→ **Given records**:
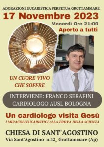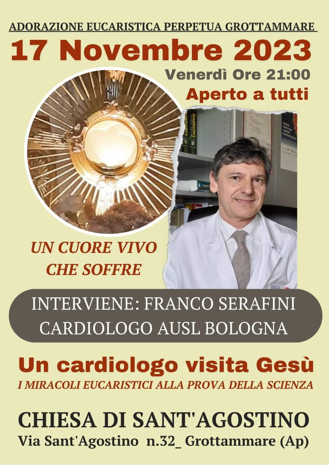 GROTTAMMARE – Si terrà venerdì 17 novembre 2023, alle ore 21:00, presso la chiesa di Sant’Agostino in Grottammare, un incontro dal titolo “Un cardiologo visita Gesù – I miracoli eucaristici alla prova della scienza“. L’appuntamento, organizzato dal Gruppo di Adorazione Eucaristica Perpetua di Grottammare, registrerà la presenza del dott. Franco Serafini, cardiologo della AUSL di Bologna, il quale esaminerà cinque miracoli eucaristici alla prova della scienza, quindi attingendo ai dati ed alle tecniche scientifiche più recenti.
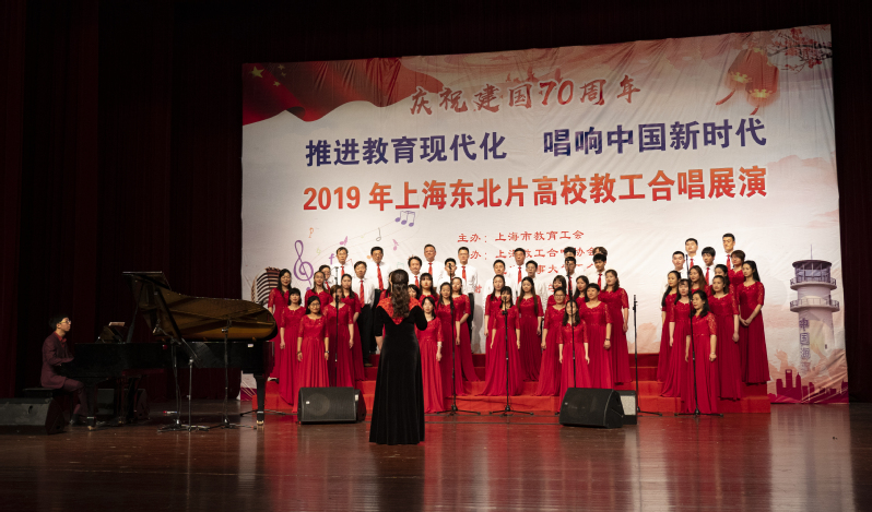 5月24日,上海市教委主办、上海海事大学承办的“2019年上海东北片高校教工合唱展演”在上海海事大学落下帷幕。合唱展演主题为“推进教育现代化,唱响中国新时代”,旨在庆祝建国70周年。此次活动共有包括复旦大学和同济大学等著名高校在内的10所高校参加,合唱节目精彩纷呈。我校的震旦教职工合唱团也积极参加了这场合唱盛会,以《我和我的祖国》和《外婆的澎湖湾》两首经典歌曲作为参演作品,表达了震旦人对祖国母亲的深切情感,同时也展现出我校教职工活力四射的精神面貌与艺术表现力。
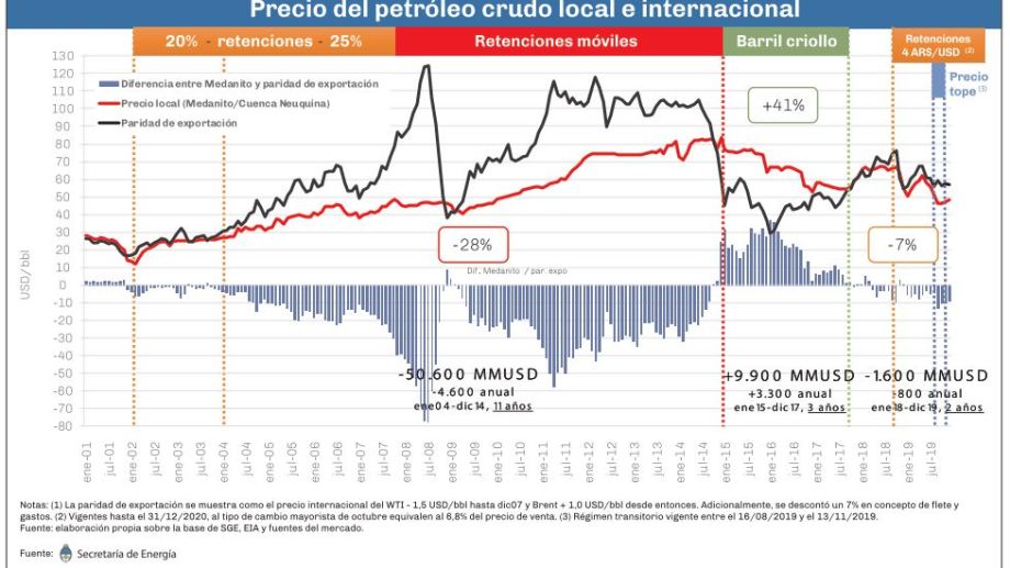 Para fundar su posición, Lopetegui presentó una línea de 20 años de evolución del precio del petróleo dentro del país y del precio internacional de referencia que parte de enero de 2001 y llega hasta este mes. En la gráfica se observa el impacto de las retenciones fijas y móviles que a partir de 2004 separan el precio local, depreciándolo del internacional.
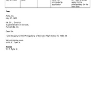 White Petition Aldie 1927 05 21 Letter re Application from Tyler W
* * *
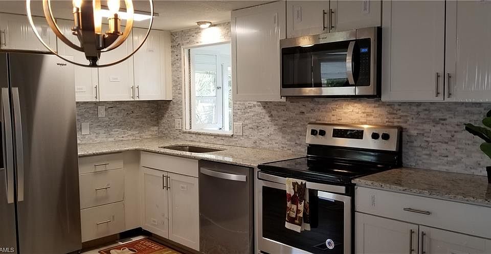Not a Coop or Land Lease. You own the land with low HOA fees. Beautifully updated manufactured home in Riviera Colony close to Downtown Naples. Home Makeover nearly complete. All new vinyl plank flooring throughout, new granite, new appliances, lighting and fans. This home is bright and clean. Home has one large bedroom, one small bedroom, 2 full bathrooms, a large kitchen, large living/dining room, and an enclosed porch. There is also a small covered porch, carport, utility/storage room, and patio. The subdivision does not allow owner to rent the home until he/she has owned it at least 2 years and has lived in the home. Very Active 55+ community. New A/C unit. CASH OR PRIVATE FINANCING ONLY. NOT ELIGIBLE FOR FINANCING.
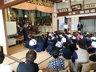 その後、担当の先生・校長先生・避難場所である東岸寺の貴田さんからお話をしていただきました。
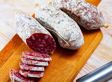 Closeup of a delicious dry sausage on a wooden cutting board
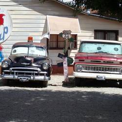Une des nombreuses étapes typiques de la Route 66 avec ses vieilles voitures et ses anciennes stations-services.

→ **Instructions to follow**: Repeat exactly the lines above, from the line that contains "5月24日,上海市教委主办、" down through the line that contains "White Petition Aldie". Include both of those lines and none of the pictures.

→ **Expected output**:
 5月24日,上海市教委主办、上海海事大学承办的“2019年上海东北片高校教工合唱展演”在上海海事大学落下帷幕。合唱展演主题为“推进教育现代化,唱响中国新时代”,旨在庆祝建国70周年。此次活动共有包括复旦大学和同济大学等著名高校在内的10所高校参加,合唱节目精彩纷呈。我校的震旦教职工合唱团也积极参加了这场合唱盛会,以《我和我的祖国》和《外婆的澎湖湾》两首经典歌曲作为参演作品,表达了震旦人对祖国母亲的深切情感,同时也展现出我校教职工活力四射的精神面貌与艺术表现力。
 Para fundar su posición, Lopetegui presentó una línea de 20 años de evolución del precio del petróleo dentro del país y del precio internacional de referencia que parte de enero de 2001 y llega hasta este mes. En la gráfica se observa el impacto de las retenciones fijas y móviles que a partir de 2004 separan el precio local, depreciándolo del internacional.
 White Petition Aldie 1927 05 21 Letter re Application from Tyler W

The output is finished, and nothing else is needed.